-Translation -

No.

AEC 007/2022

June 30, 2022

Re:

The Acquisition of Capital Nomura Securities Public Company Limited

To:

The President

The Stock Exchange of Thailand

On June 30, 2022, the Board of Directors of Bank of Ayudhya Public Company Limited ("Bank") acknowledged that an agreement have been reached for the acquisition of business through the purchase of 99.1% of the share capital of Capital Nomura Securities Public Company Limited ("CNS") from Nomura Asia Investment (Singapore) Pte Ltd. ("NAIS") with the Bank's intention to offer to purchase up to 0.9% of the share capital of CNS from minority shareholders of CNS (collectively the "Transaction") totaling up to 100% of the share capital of CNS with total consideration of up to approximately USD 155.3 million or approximately THB 5,501 million (Note: Exchange rate of USD 1 to THB 35.416 as of June 27, 2022).

The aforesaid investment does not require approval of the shareholders pursuant to regulations of the Capital Market Supervisory Board and the Stock Exchange of Thailand in view of its size and type of transaction. Nonetheless, to comply with Section 107 of the Public Limited Companies ACT B.E. 1992 and Section 43 of the Financial Institution Business Act B.E. 2008, the Bank will have to submit this matter to the Board of Directors to obtain shareholders' approval. This transaction is subject to approval from the Bank of Thailand and/or other relevant regulators.

Kindly be informed accordingly,

Yours Sincerely,

- Signature -

Mr. Seiichiro Akita

President and Chief Executive Officer

Information Memorandum regarding the Acquisition of Business through the Purchase totaling up to 100% of Share Capital of Capital Nomura Securities Public Company Limited Which Operates Securities Business in Thailand

1. Date of Transaction

The acquisition of business through the purchase of 99.1% of the share capital of Capital Nomura Securities Public Company Limited ("CNS") which operates securities business in Thailand, from Nomura Asia Investment (Singapore) Pte Ltd. ("NAIS") with intention to offer to purchase up to 0.9% of the share capital of CNS from minority shareholders of CNS totaling up to 100% of the share capital of CNS (collectively the "Transaction"), which requires the approval from the shareholders of Bank of Ayudhya Public Company Limited (the "Bank"), the Bank of Thailand ("BOT") and / or other related regulatory agencies. The Transaction will involve two groups of selling shareholders of CNS.

  1. The purchase of the 99.1% of the share capital of CNS from NAIS ("The First Purchase"): As soon as practical, subject to approval from the Bank's shareholders, the BOT and/or other relevant regulators.
  2. The offer to purchase the remaining share capital of CNS after The First Purchase of up to 0.9% of the share capital of CNS from minority shareholders of CNS ("The Second Purchase"), after the completion of The First Purchase whereby the amount of share capital of CNS acquired would depend on how many minority shareholders participate in The Second Purchase.
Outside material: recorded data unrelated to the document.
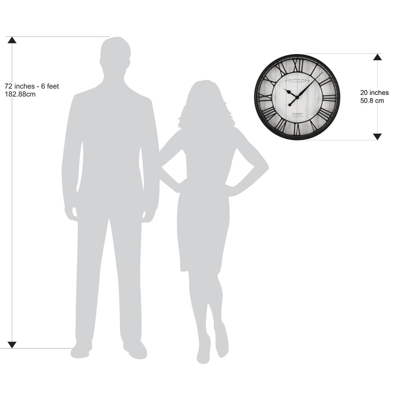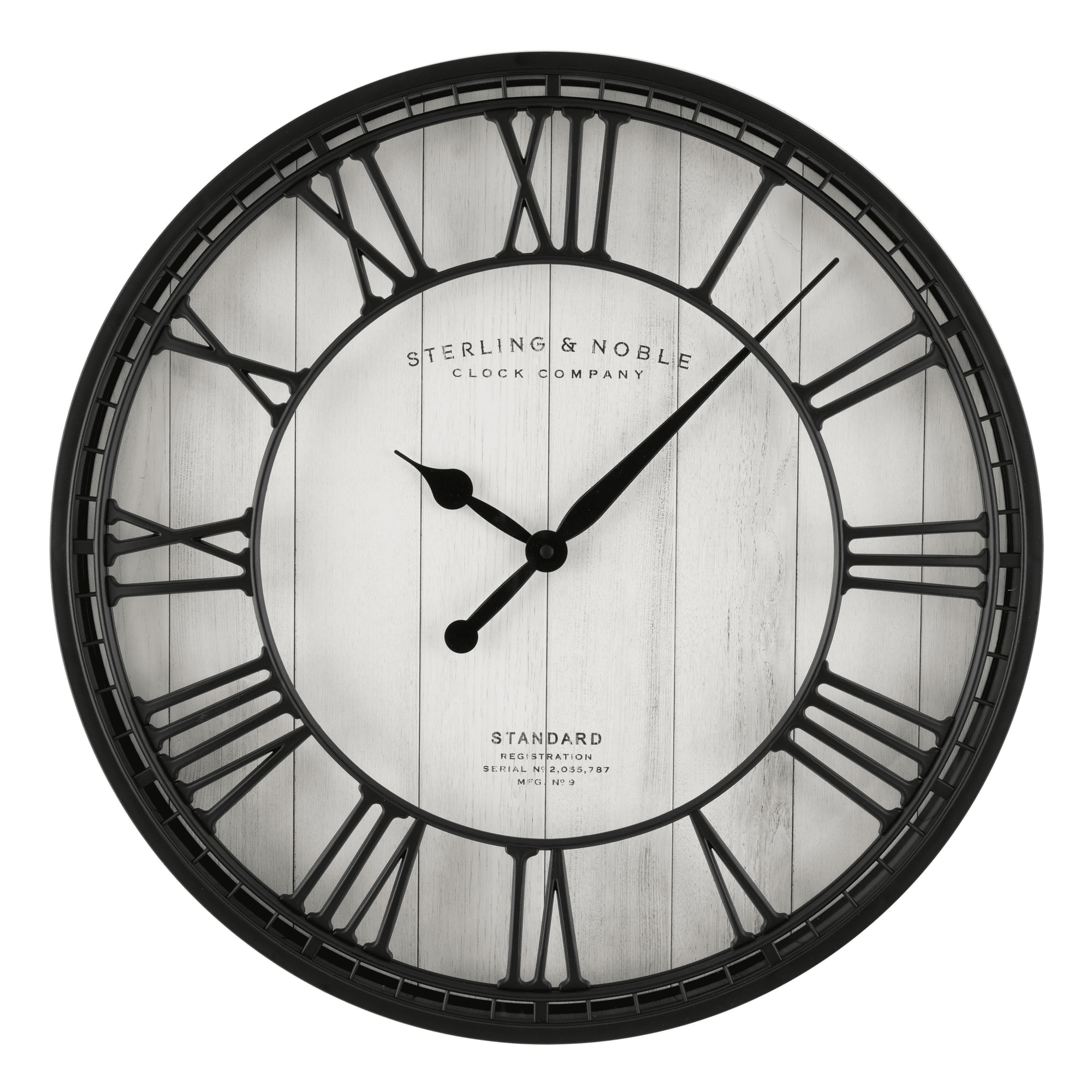 Enhance your home’s decorative styling with this better homes & gardens indoor 20' black roman numeral grill and white shiplap farmhouse wall clock! Full of detail and dimension, this clock’s design features a satin black roman numeral grill that is affixed to the top of the glass lens. The frame has the same satin black finish, securing the roman numeral grill and encasing the dial and glass lens. The dial’s photorealistic vertical whitewashed wood paneling gives this wall clock on-trend farmhouse flair. Teardrop spear hour and minute hands are finished in satin black, making the hands visible against the white-toned dial. Quality quartz movement ensures accurate timekeeping. With a diameter of 20', this beautiful wall clock is sure to make a grand statement! The neutral color palette keeps this clock’s design versatile, coordinating with any existing home décor! Bring this lovely piece home with you and see how it transforms your space!
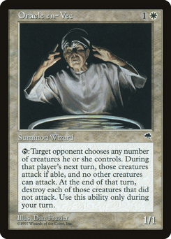 {T}: Target opponent chooses any number of creatures they control. During that player's next turn, the chosen creatures attack if able, and other creatures can't attack. At the beginning of that turn's end step, destroy each of the chosen creatures that didn't attack this turn. Activate only during your turn.
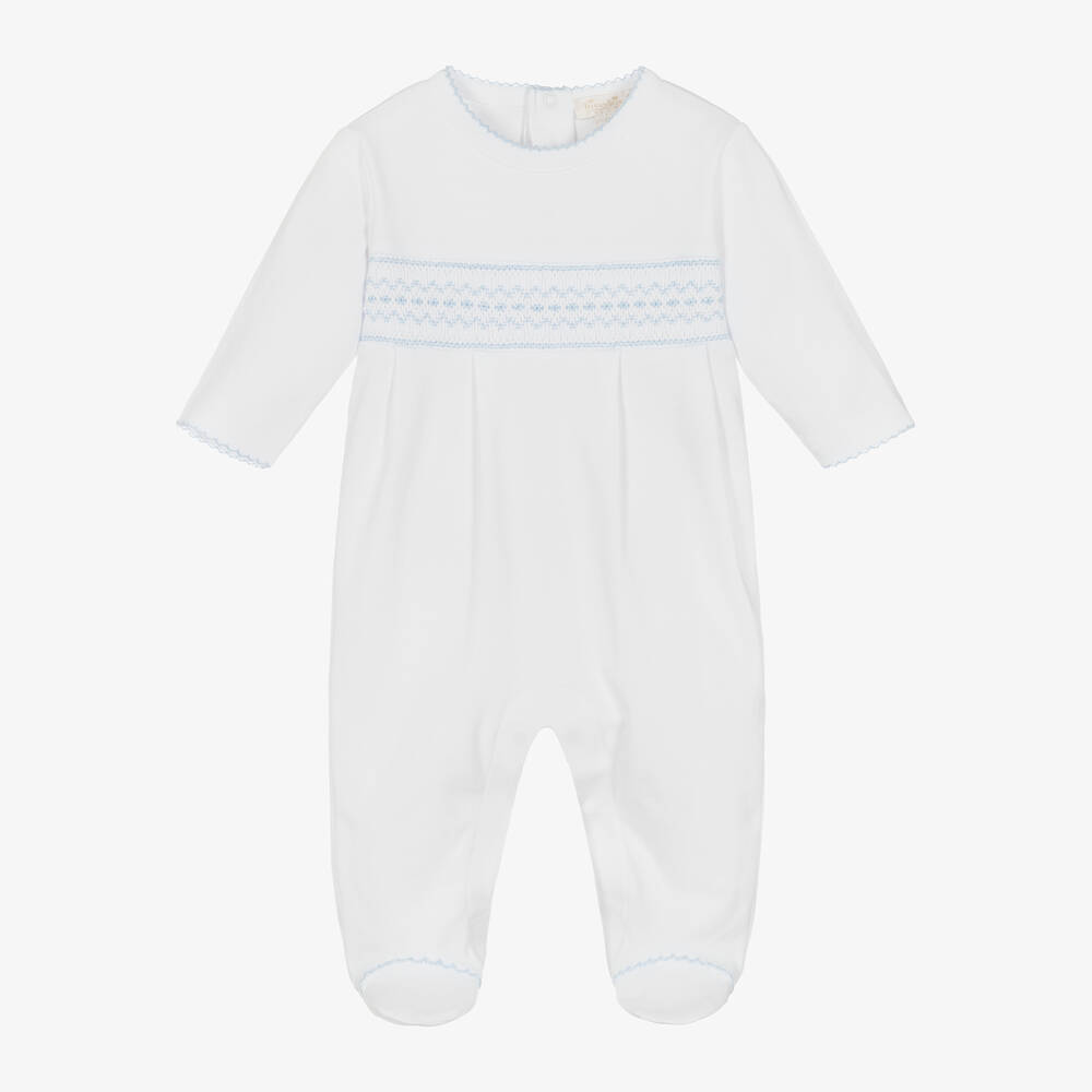 A lovely white babygrow for boys by Kissy Kissy, made from soft Pima cotton jersey. For a charming look, it has a hand-smocked panel across the chest with pale blue embroidery and matching picot trims on the neckline, cuffs, and feet. There are popper fastenings on the back and between the legs to help with dressing.
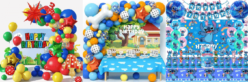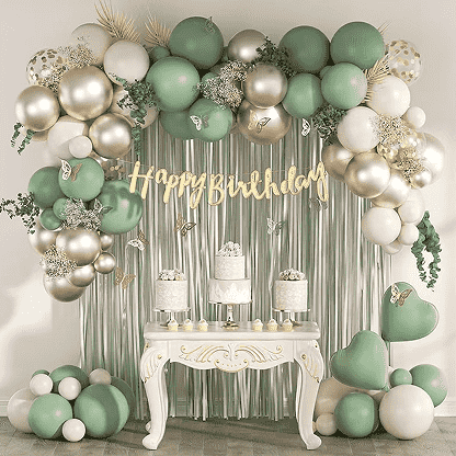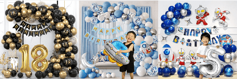 वाढदिवसाच्या शुभेच्छा फुग्याच्या सजावटीच्या या शैलीमध्ये लेटेक्स फुगे, फॉइल फुगे पार्श्वभूमी आणि टेबलक्लॉथ एकत्र करून रंगीत एकीकरणाद्वारे वाढदिवसाच्या पार्टीचे दृश्य तयार केले जाते. पार्श्वभूमी आणि टेबलक्लोथ दृश्याच्या आकारानुसार सानुकूलित केले जाऊ शकतात आणि पार्टी थीम आणि रंग प्रणालीनुसार शैली आणि नमुना सानुकूलित केला जाऊ शकतो.
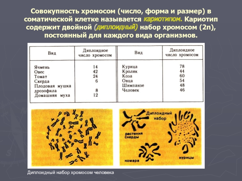 Слайд 12Совокупность хромосом (число, форма и размер) в соматической клетке называется кариотипом.
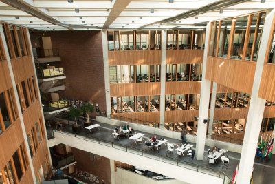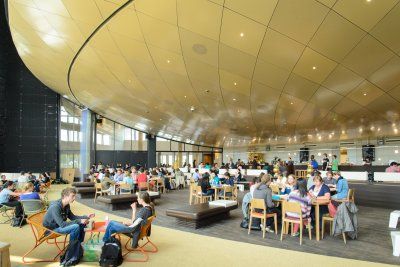 In veel gebouwen op de campus zijn werkplekken gecreëerd waar bezoekers rustig kunnen werken.
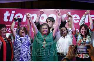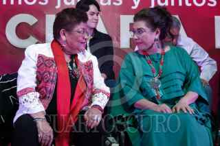 CIUDAD DE MÉXICO, 14MAYO2024.- Clara Brugada, candidata a la Jefatura de Gobierno, acompañada de Ernestina Godoy, candidata a senadora, encabezó un encuentro con integrantes de la CNPA “Es tiempo de mujeres” en Plaza 23 de Mayo, Centro Histórico. FOTO: GRACIELA LÓPEZ /CUARTOSCURO.COM

2. Related Parties and Relationship to the Bank (The First Purchase)

Purchaser

:

Bank of Ayudhya Public Company Limited (the "Bank")

Seller

: Nomura Asia Investment (Singapore) Pte Ltd

("NAIS")

Company

:

Capital Nomura Securities Public Company Limited ("CNS")

Relationship to the Bank

:

- None -

3. Nature of Transaction

The Board of Directors of the Bank has acknowledged that an agreement has been reached for the acquisition of business through the purchase of 99.1% of the share capital of CNS, which operates securities business in Thailand, from NAIS with the Bank's intention to offer to purchase up to 0.9% of the share capital of CNS from minority shareholders of CNS totaling up to 100% of the share capital of CNS, which requires the approval from shareholders of the Bank, the BOT and / or related regulatory agencies, with total consideration of up to approximately USD 155.3 million or approximately THB 5,501 million (Note :Exchange rate of USD 1 to THB 35.416 as of June 27, 2022(. The Transaction will involve two groups of selling shareholders of CNS.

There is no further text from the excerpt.